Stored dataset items

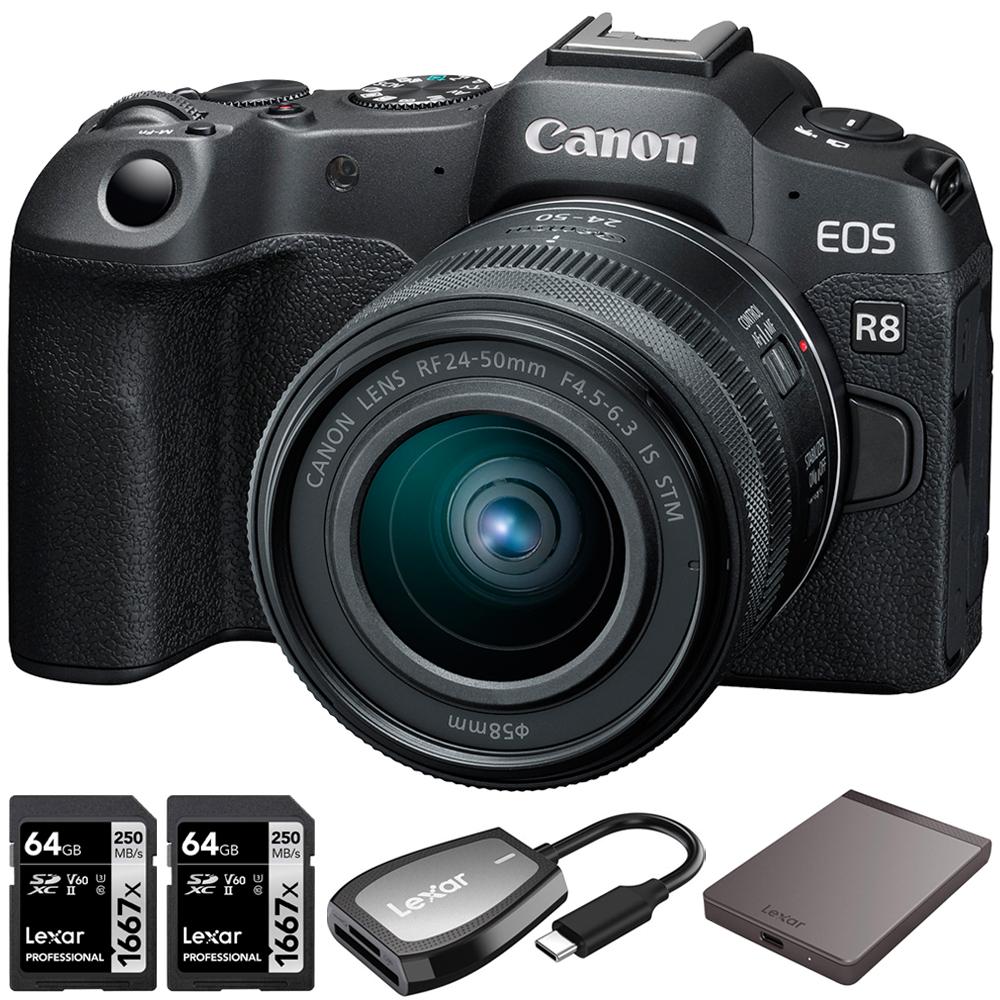 - Canon EOS R8 Full Frame Mirrorless Camera + RF 24-50mm F4.5-6.3 IS STM Lens 5803C012
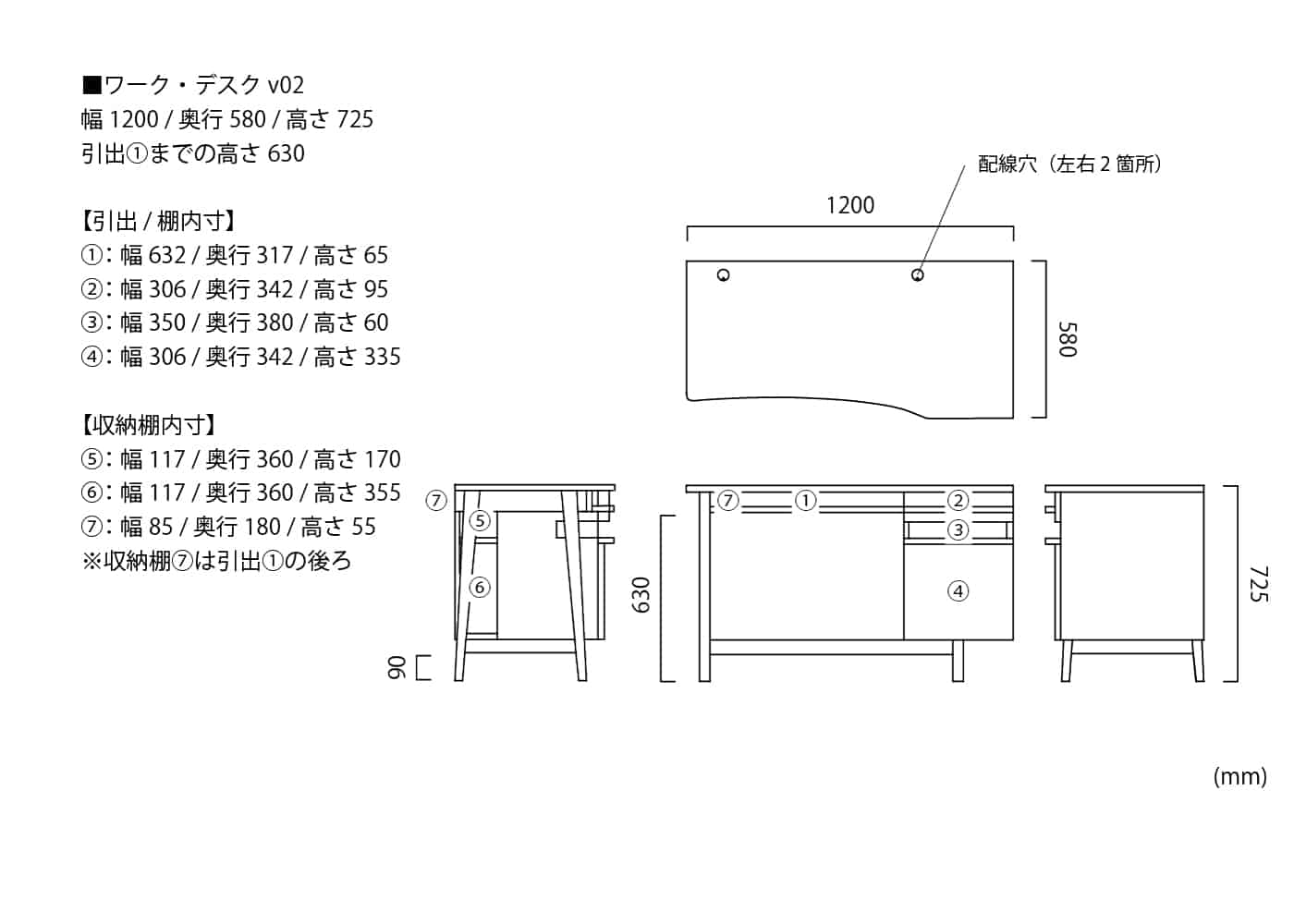 幅1200 / 奥行580 / 高さ725 ※単位は mm
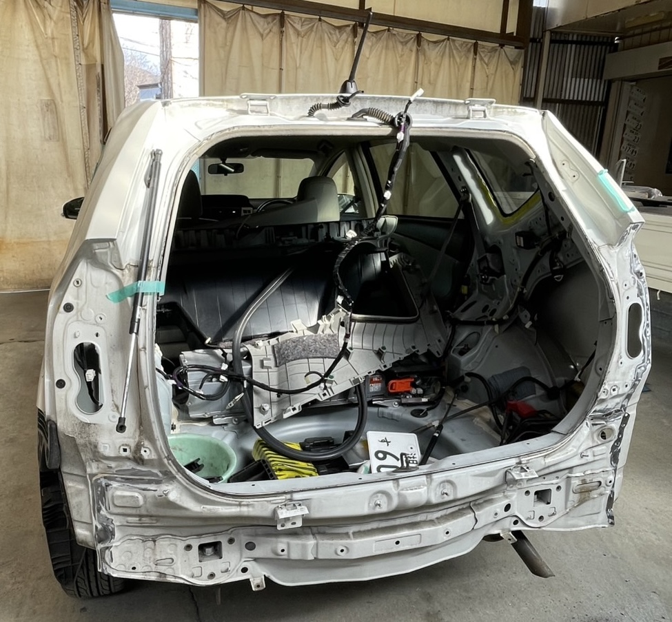 バックドア交換・エンドパネル交換・右テールランプサポート交換・テールランプ交換・クウォーターパネル板金、バンパー交換でお預かりしている。
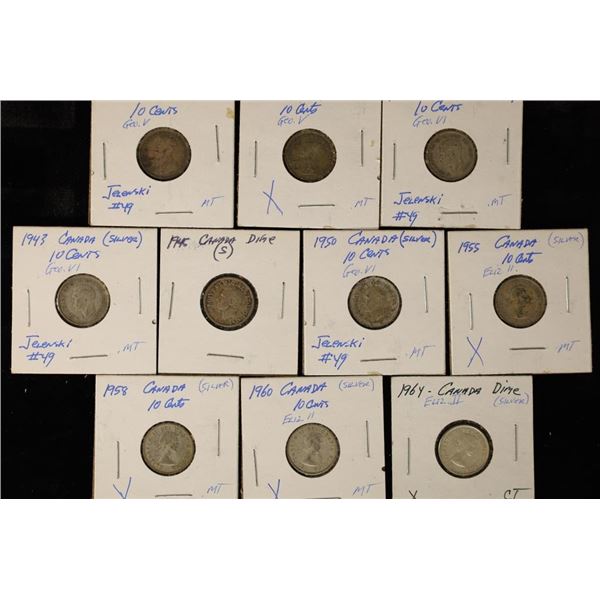10 CANADA SILVER 10 CENT COINS: 1916-1964 (.60324
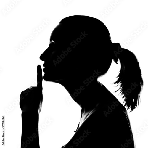 Silhouette of woman with hush sign
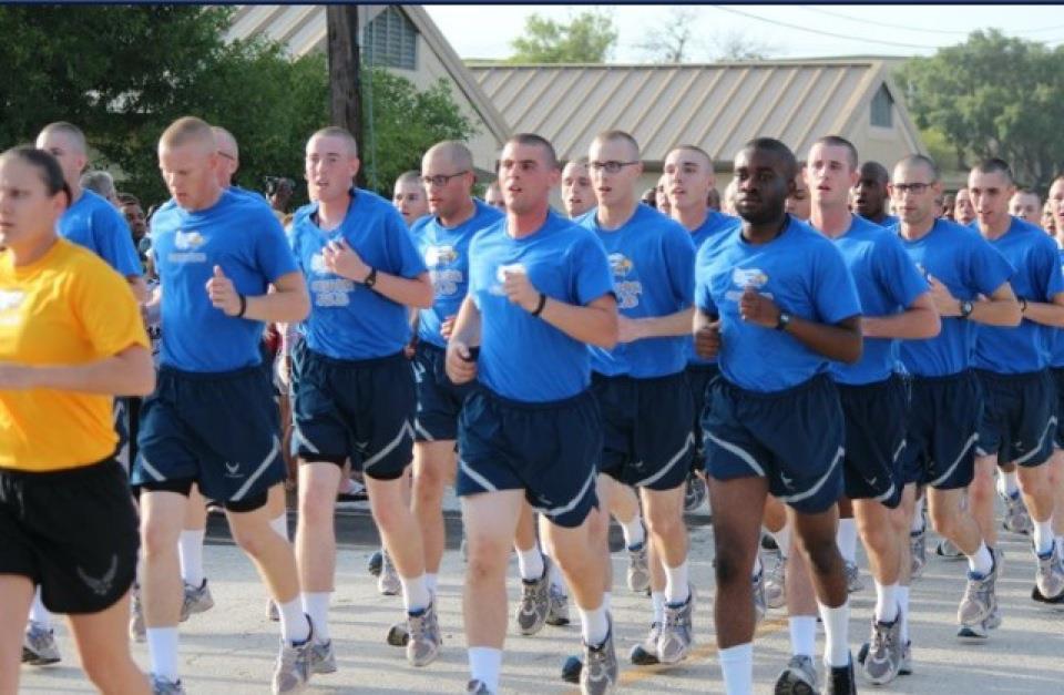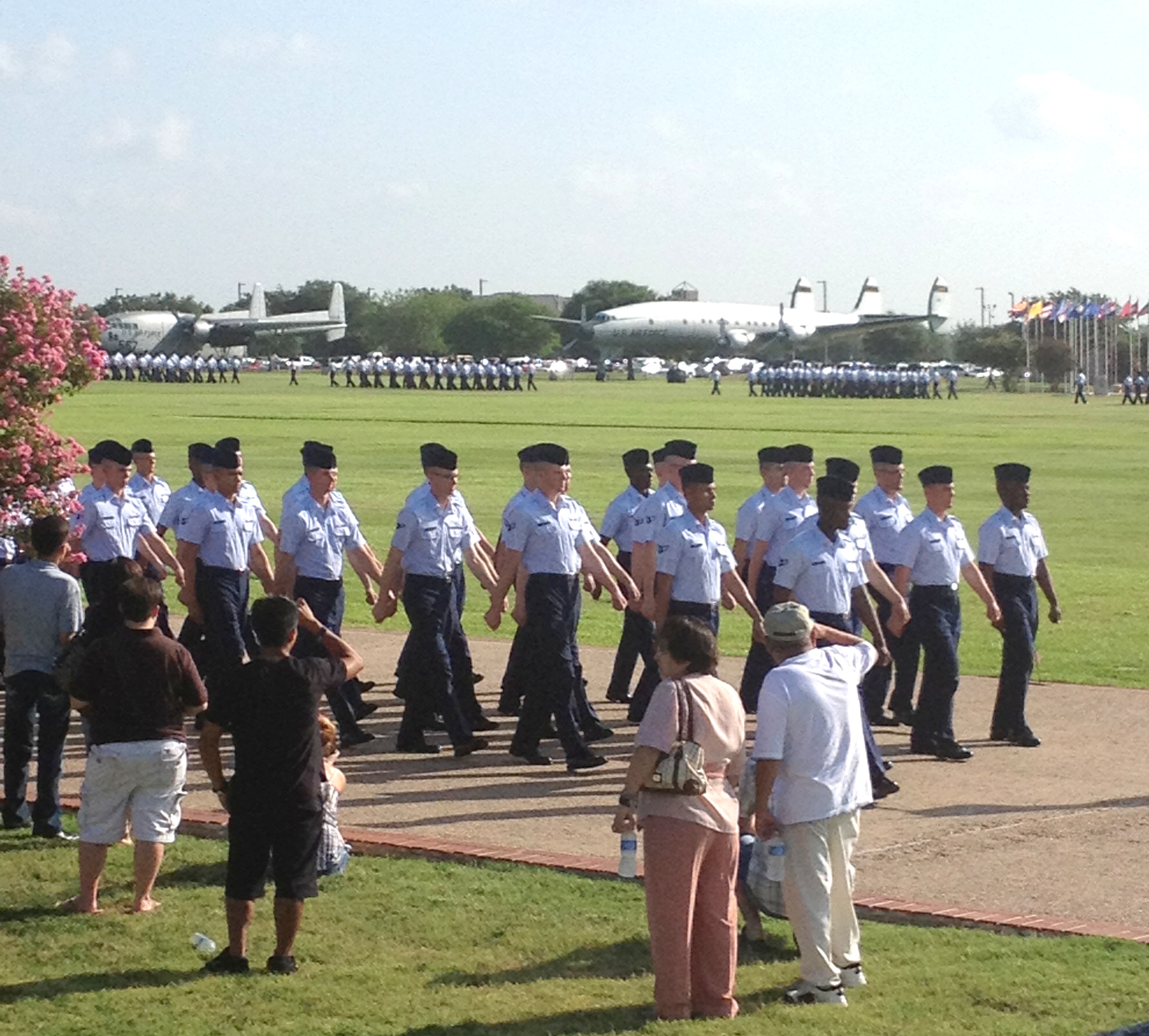 The first activity of BMT (Basic Military Training) Graduation is the Airman’s run! OH MY! How fun!! All the family and friends of the graduating Airmen stand on both sides of this road and cheer on their loved one. It’s the first time you will see them if you’re lucky enough to spot them running by. Lucky for me, my mother has a Scott radar and she found him before I did. It was so exciting to see him even if he wasn’t able to see us. (He says he THINKS he saw us cheering, but who really knows?) Here is a picture and video of him running by. In the video his flight runs by at 2 mins 40 secs. Try to find him. ;]
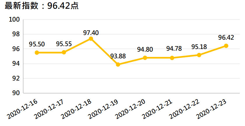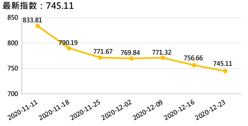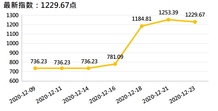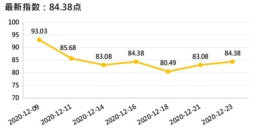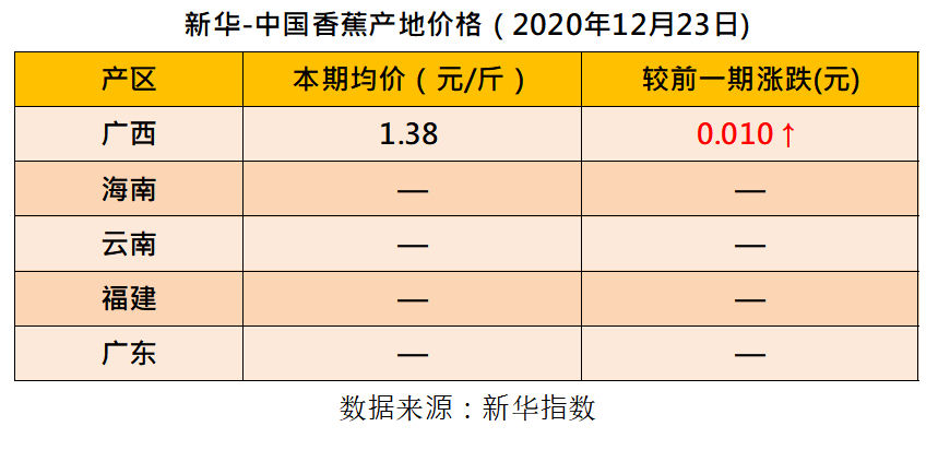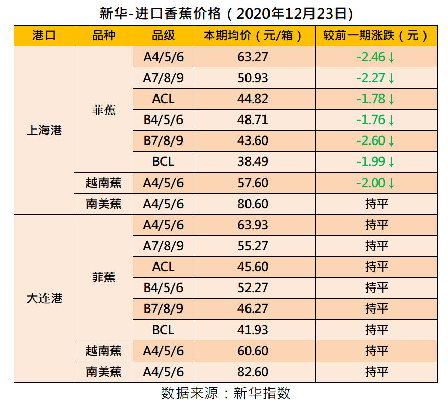 新华财经北京12月24日电(李水艳、李伯罧、薛志烜)新华-中国香蕉产业四大指数显示,截至2020年12月23日,国内香蕉产地价格指数报84.38点,较上一发布日(12月16日,下同)84.38点持平;香蕉销地批发价格指数报96.42点,较上一发布日95.50点上涨0.96%;进口蕉价格指数报745.11点,较上一发布日756.66点下跌1.53%;皇帝蕉产地价格指数报1229.67点,较上一发布日781.09点上涨57.43%。

§ Work to complete:
Once the line with "10 CANADA SILVER" is found above, transcribe each line from it through the line with "Silhouette of woman with hush sign", exactly, and omit the pictures.

§ Solution to the exercise:
10 CANADA SILVER 10 CENT COINS: 1916-1964 (.60324
 Silhouette of woman with hush sign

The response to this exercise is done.